Step 4: Let employees spend and upload receipts in real-time

Employees spend the way they normally would, online or in person.

The second a transaction goes through, they get a push notification on the Pemo mobile app asking for a receipt.

One tap, photo of the receipt, done. The receipt auto-matches to the transaction in the background.

The end-of-month receipt chase from finance disappears, along with the shoebox of unsorted receipts in someone's desk drawer.

Step 5: Reconcile And Close Books Faster

At month-end, transactions are already categorised by Pemo Copilot and synced to your accounting platform.

The finance team's job shifts from data entry to review, as VAT-ready exports come straight out of the dashboard.

Get started with Pemo for free

Most UAE businesses have run on some version of cash, reimbursements, paper policies, and bank cards for years.

That's how the system has worked, and for a long time it was the only option.

The pace at which UAE businesses operate in 2026, with faster scaling, more currencies, corporate tax compliance, and multi-location teams, has outgrown what those tools were designed to do.

The teams I see handling this best aren't trying to make the old setup work harder.

They've swapped bank cards for virtual ones, replaced PDF policies with rules that live on each card, and given up the monthly spreadsheet reconciliation for a live dashboard.

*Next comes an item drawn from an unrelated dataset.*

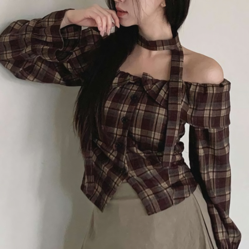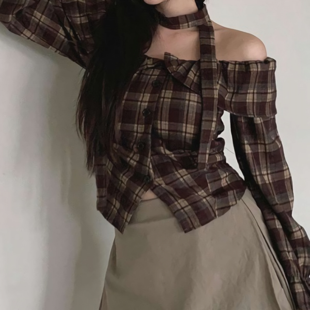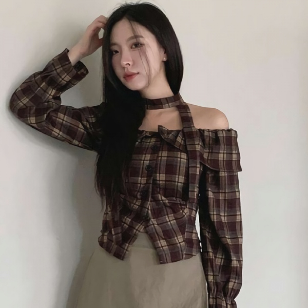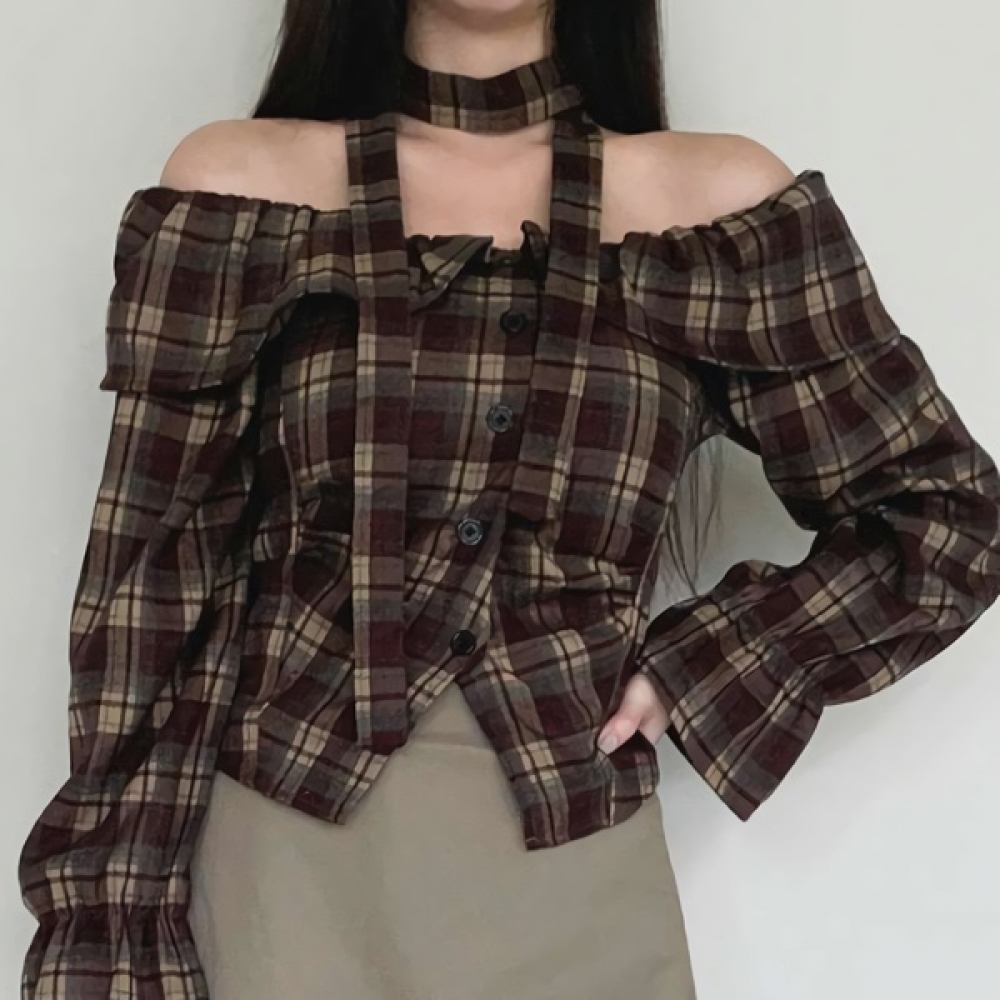 여성 초커 스트랩 오프숄더 체크 블라우스

If you're looking for expense management software with smart corporate cards for your UAE-based team that offers:

  • Spending controls and spending approval workflows.
  • Auto-receipt matching with no manual cross-checking.
  • Real-time visibility into every dirham spent.
  • Direct sync with QuickBooks, Xero, Tally, and Zoho Books.

Then you can sign up for the free Kickoff plan or book a demo to see why over 10,000 businesses across the MENA region run on Pemo.

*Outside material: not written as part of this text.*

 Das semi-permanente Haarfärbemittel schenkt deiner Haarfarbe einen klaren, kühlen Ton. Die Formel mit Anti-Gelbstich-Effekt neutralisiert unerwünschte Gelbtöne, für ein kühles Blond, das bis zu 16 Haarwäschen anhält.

Controlling employee spending FAQs

What's the best way to control employee spending in a small business in the UAE?

For most UAE SMEs in 2026, the best approach combines virtual corporate cards with spend management software.

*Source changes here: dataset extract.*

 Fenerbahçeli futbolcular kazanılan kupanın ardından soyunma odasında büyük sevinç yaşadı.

The cards give employees the means to spend, the software enforces the rules in real time, and the whole setup syncs with your accounting platform, so finance isn't doing manual reconciliation.

You can start with Pemo’s free plan.

Are virtual corporate cards safer than physical ones?

In most cases, yes.

Virtual cards can be created for a single transaction or a single vendor, frozen instantly from your phone, and limited by merchant category.

A leaked card number is cancelled and reissued in seconds, with no courier or bank involved.

Physical cards still have their place for in-person spending, but virtual cards reduce the surface area for fraud significantly.

How do virtual corporate cards work for businesses in the UAE?

You sign up with a provider like Pemo, fund a corporate wallet, and issue virtual cards to your team.

Each card draws from the wallet, can be capped by amount or category, and processes as a regular Visa or Mastercard at any merchant that accepts those networks.

Transactions show up in a live dashboard, so finance teams have visibility from the moment a card is used.

Do I really need a separate expense management tool if I already have A corporate bank card?

For very small teams, maybe not.

Once you're past about five employees making regular purchases, though, the gap shows.

Bank cards rarely give you per-employee controls, receipt capture, automated categorisation, or live dashboards in a single package.

You can layer an expense tool on top of a bank card, but most teams find it simpler to use a platform like Pemo that handles the card and the software together.

Can I set spending limits per employee with a virtual corporate card?

Yes. With Pemo (and most modern spend management platforms), every virtual card can have its own monthly limit, per-transaction cap, and merchant category restrictions.

You can also build approver chains so any transaction above a set threshold needs sign-off before it goes through.